====== Given data ======

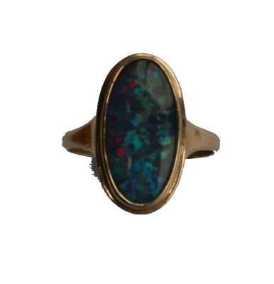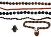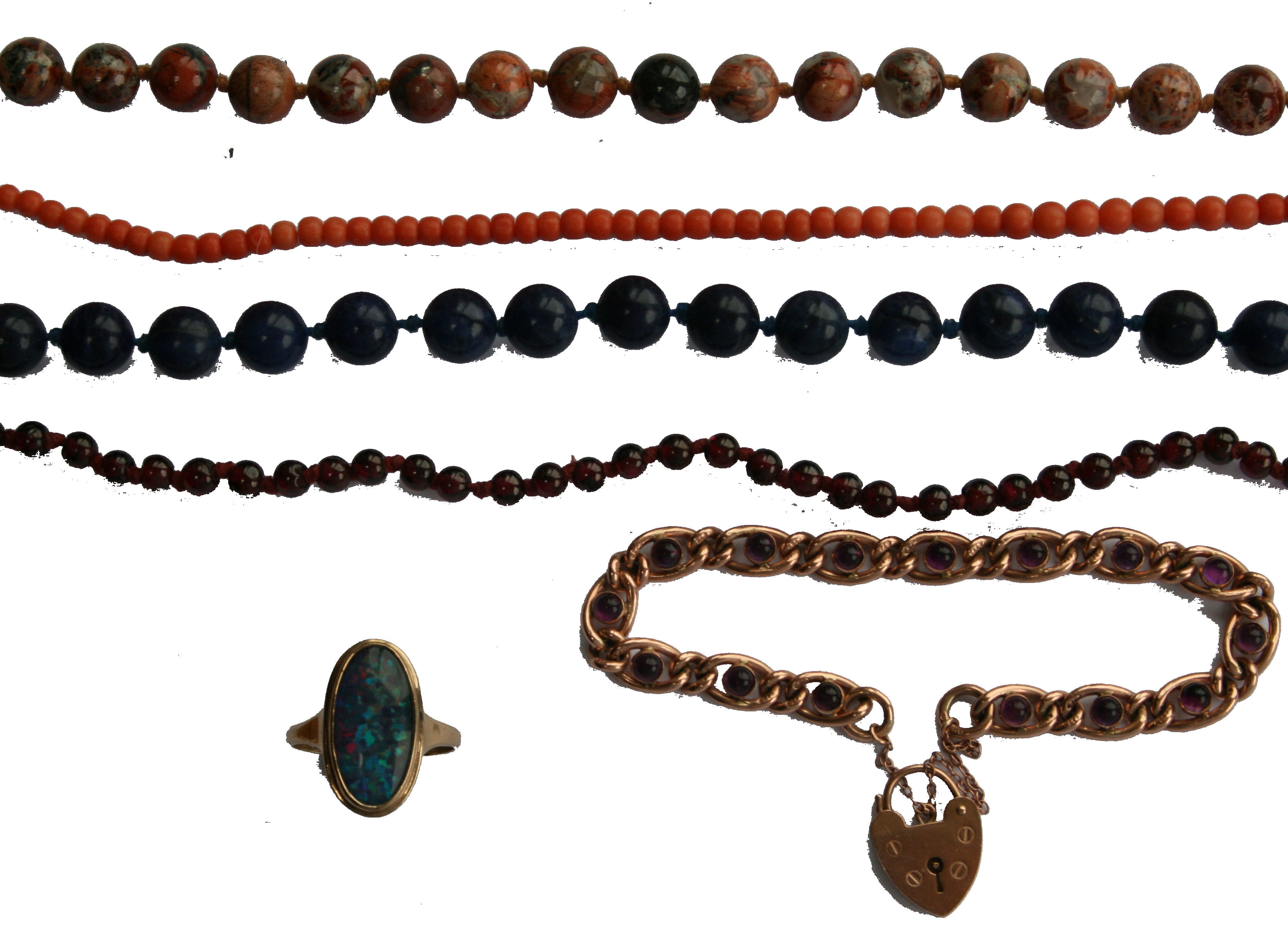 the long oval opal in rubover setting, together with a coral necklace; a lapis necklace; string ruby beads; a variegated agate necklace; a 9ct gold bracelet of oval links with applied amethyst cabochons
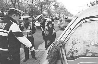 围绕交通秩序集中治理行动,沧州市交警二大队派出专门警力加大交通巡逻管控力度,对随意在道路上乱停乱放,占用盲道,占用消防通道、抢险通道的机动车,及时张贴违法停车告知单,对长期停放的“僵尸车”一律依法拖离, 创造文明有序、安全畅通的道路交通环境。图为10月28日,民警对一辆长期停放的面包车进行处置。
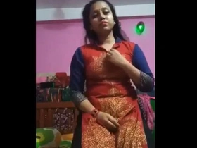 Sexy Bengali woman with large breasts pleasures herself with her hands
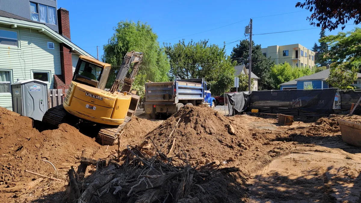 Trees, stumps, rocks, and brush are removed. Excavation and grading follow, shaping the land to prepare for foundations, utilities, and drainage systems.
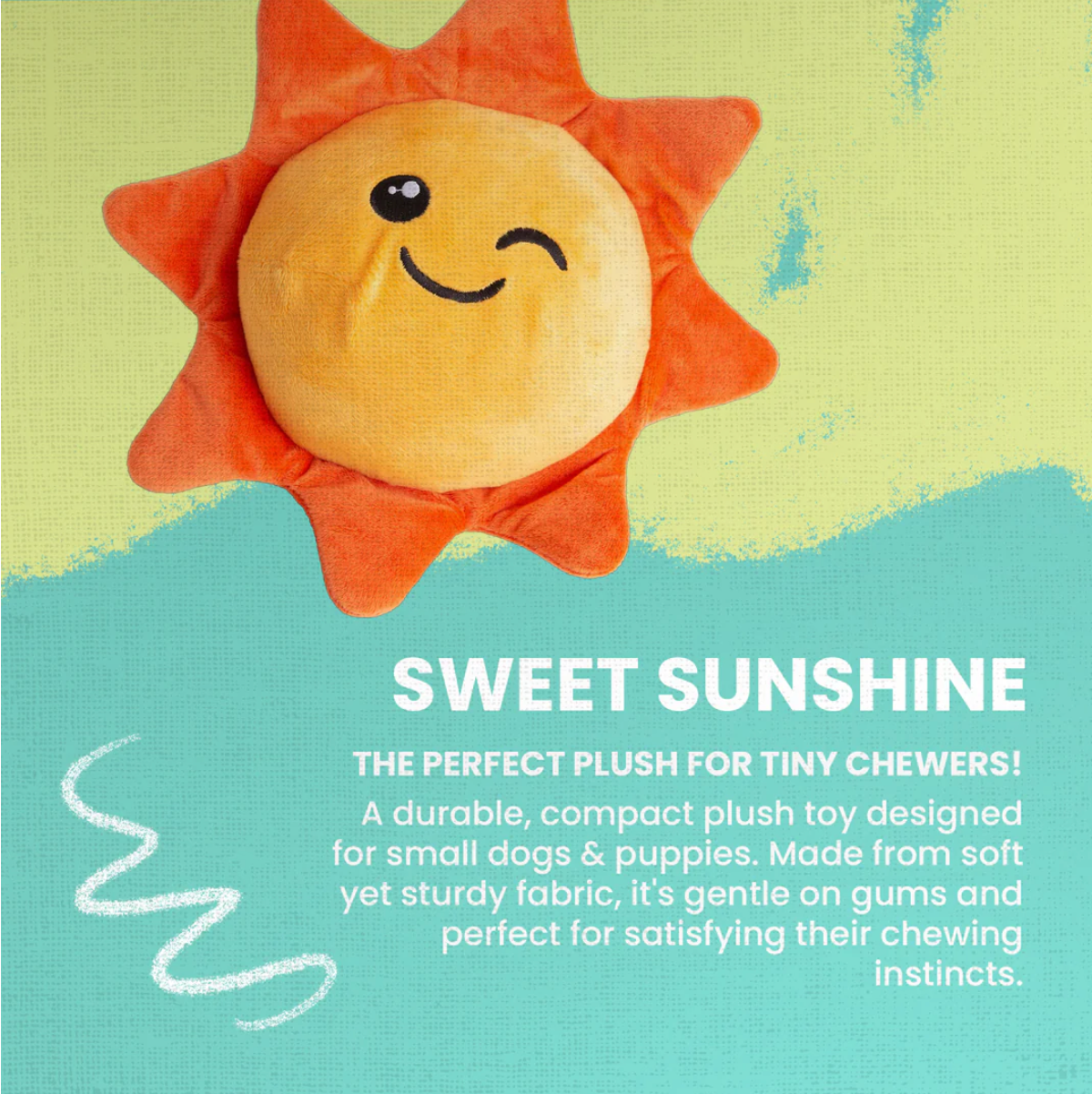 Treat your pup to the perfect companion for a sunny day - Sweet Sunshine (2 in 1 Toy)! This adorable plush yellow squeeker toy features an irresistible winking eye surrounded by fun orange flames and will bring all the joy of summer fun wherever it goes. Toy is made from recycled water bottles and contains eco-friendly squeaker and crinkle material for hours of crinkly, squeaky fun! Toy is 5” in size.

======

Only the records, copied exactly and without pictures, should make up the answer.

 the long oval opal in rubover setting, together with a coral necklace; a lapis necklace; string ruby beads; a variegated agate necklace; a 9ct gold bracelet of oval links with applied amethyst cabochons
 围绕交通秩序集中治理行动,沧州市交警二大队派出专门警力加大交通巡逻管控力度,对随意在道路上乱停乱放,占用盲道,占用消防通道、抢险通道的机动车,及时张贴违法停车告知单,对长期停放的“僵尸车”一律依法拖离, 创造文明有序、安全畅通的道路交通环境。图为10月28日,民警对一辆长期停放的面包车进行处置。
 Sexy Bengali woman with large breasts pleasures herself with her hands
 Trees, stumps, rocks, and brush are removed. Excavation and grading follow, shaping the land to prepare for foundations, utilities, and drainage systems.
 Treat your pup to the perfect companion for a sunny day - Sweet Sunshine (2 in 1 Toy)! This adorable plush yellow squeeker toy features an irresistible winking eye surrounded by fun orange flames and will bring all the joy of summer fun wherever it goes. Toy is made from recycled water bottles and contains eco-friendly squeaker and crinkle material for hours of crinkly, squeaky fun! Toy is 5” in size.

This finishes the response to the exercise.